A picture-free, exact reproduction of the listing that follows is required.

■ GIVEN MATERIAL ■
☆ ☆ ☆ ☆

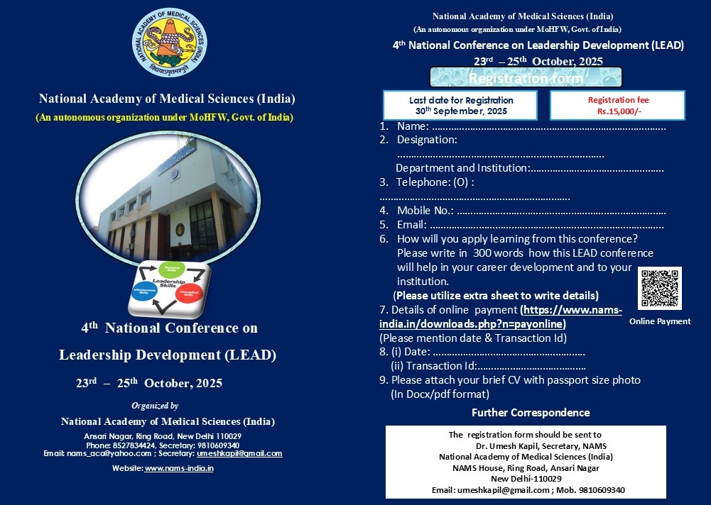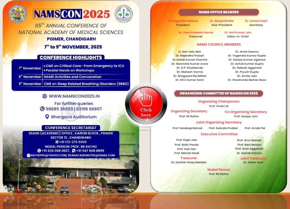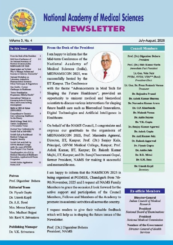 National Biostatistics Helpline (BIOSTAT LINE ) for Medical Postgraduates on Teacher’s Day 4. MID TERM NAMSCON 2025 5. NAMS Family Members 2024 8. "Invitation of Applications for International NAMS Fellowships & International NAMS Memberships from Medical Doctors and Scientists who are Nationals of Foreign Countries, NRIs,OICs" 8. Academy is updating the contact details of its NAMS Members (MNAMS):-
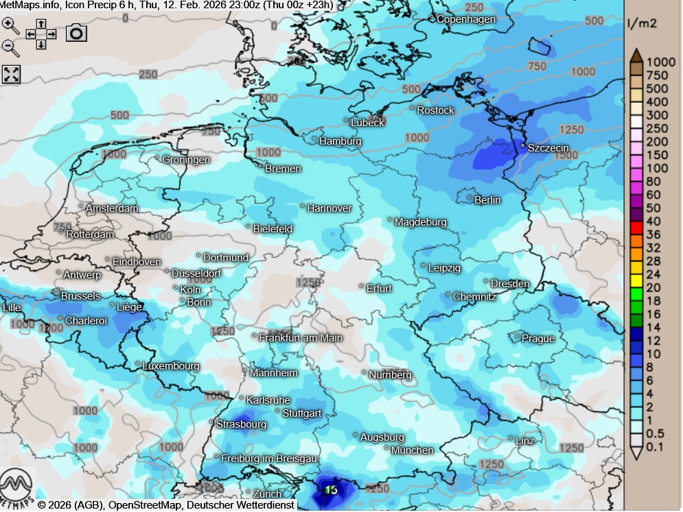 Am Donnerstagnachmittag bleibt der Himmel über den meisten Landesteilen stark bewölkt oder es ist bedeckt, dabei fällt vor allem in den Staulagen der Mittelgebirge teils ergiebiger Regen, im äußersten Norden und Nordosten auch Schnee. Es ist windig bis stürmisch, in den Höhenlagen auch Sturm oder schwerer Sturm.
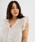 Blouse sans manches avec volants et broderies femme grande taille blanc
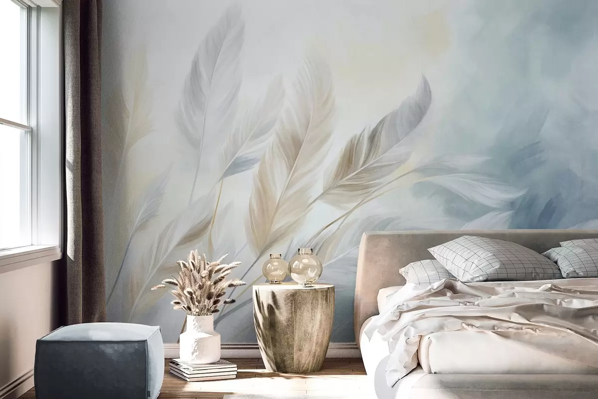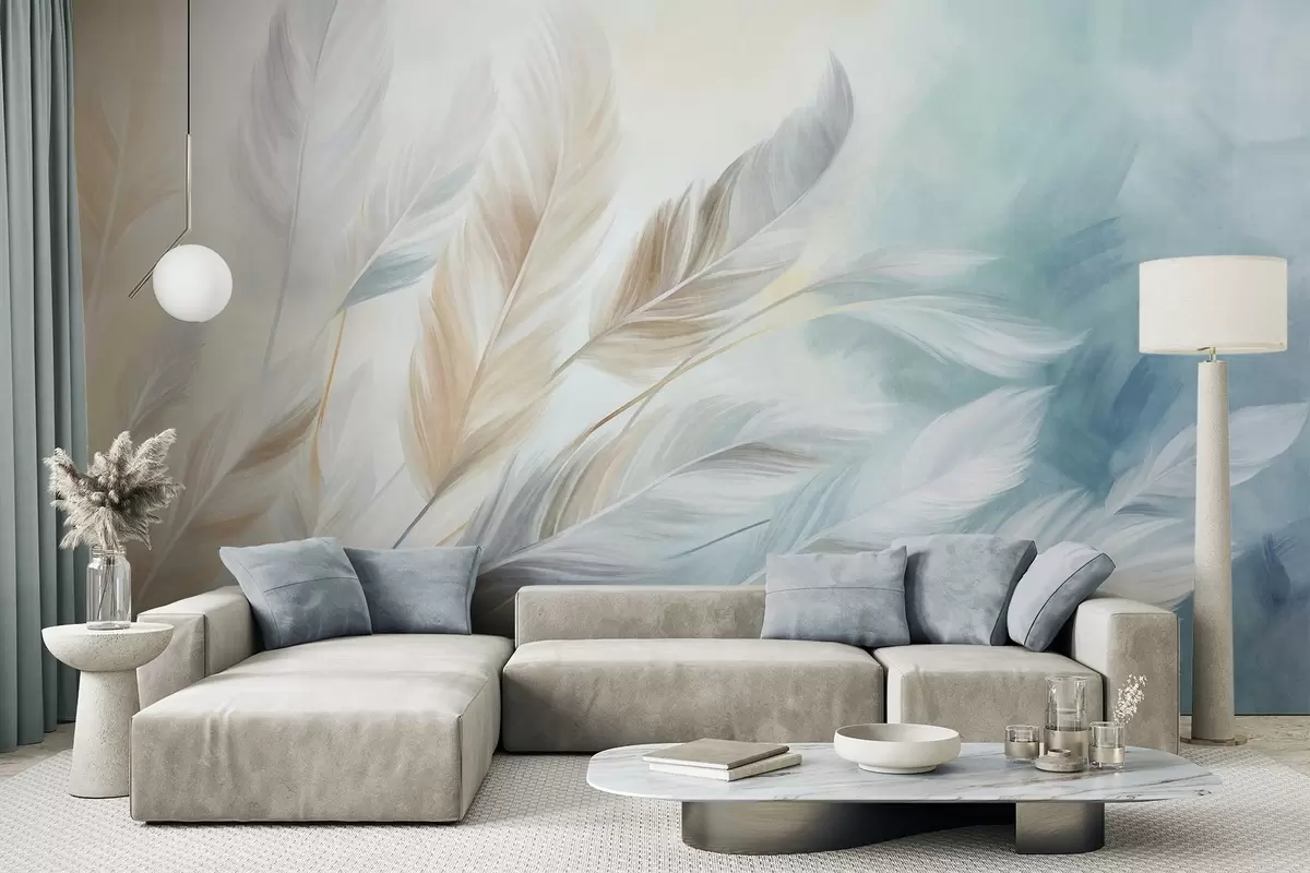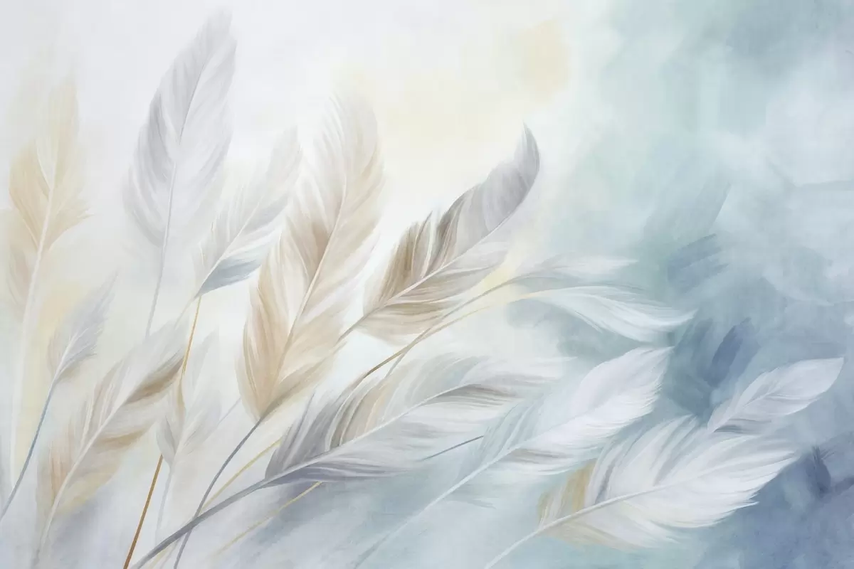 Тапете за зид Текстурирано пастелно перје са меким, танким ивицама, на позадини у акварел стилу бр. w09833

☆ ☆ ☆ ☆

■ ANSWER SPACE ■
 National Biostatistics Helpline (BIOSTAT LINE ) for Medical Postgraduates on Teacher’s Day 4. MID TERM NAMSCON 2025 5. NAMS Family Members 2024 8. "Invitation of Applications for International NAMS Fellowships & International NAMS Memberships from Medical Doctors and Scientists who are Nationals of Foreign Countries, NRIs,OICs" 8. Academy is updating the contact details of its NAMS Members (MNAMS):-
 Am Donnerstagnachmittag bleibt der Himmel über den meisten Landesteilen stark bewölkt oder es ist bedeckt, dabei fällt vor allem in den Staulagen der Mittelgebirge teils ergiebiger Regen, im äußersten Norden und Nordosten auch Schnee. Es ist windig bis stürmisch, in den Höhenlagen auch Sturm oder schwerer Sturm.
 Blouse sans manches avec volants et broderies femme grande taille blanc
 Тапете за зид Текстурирано пастелно перје са меким, танким ивицама, на позадини у акварел стилу бр. w09833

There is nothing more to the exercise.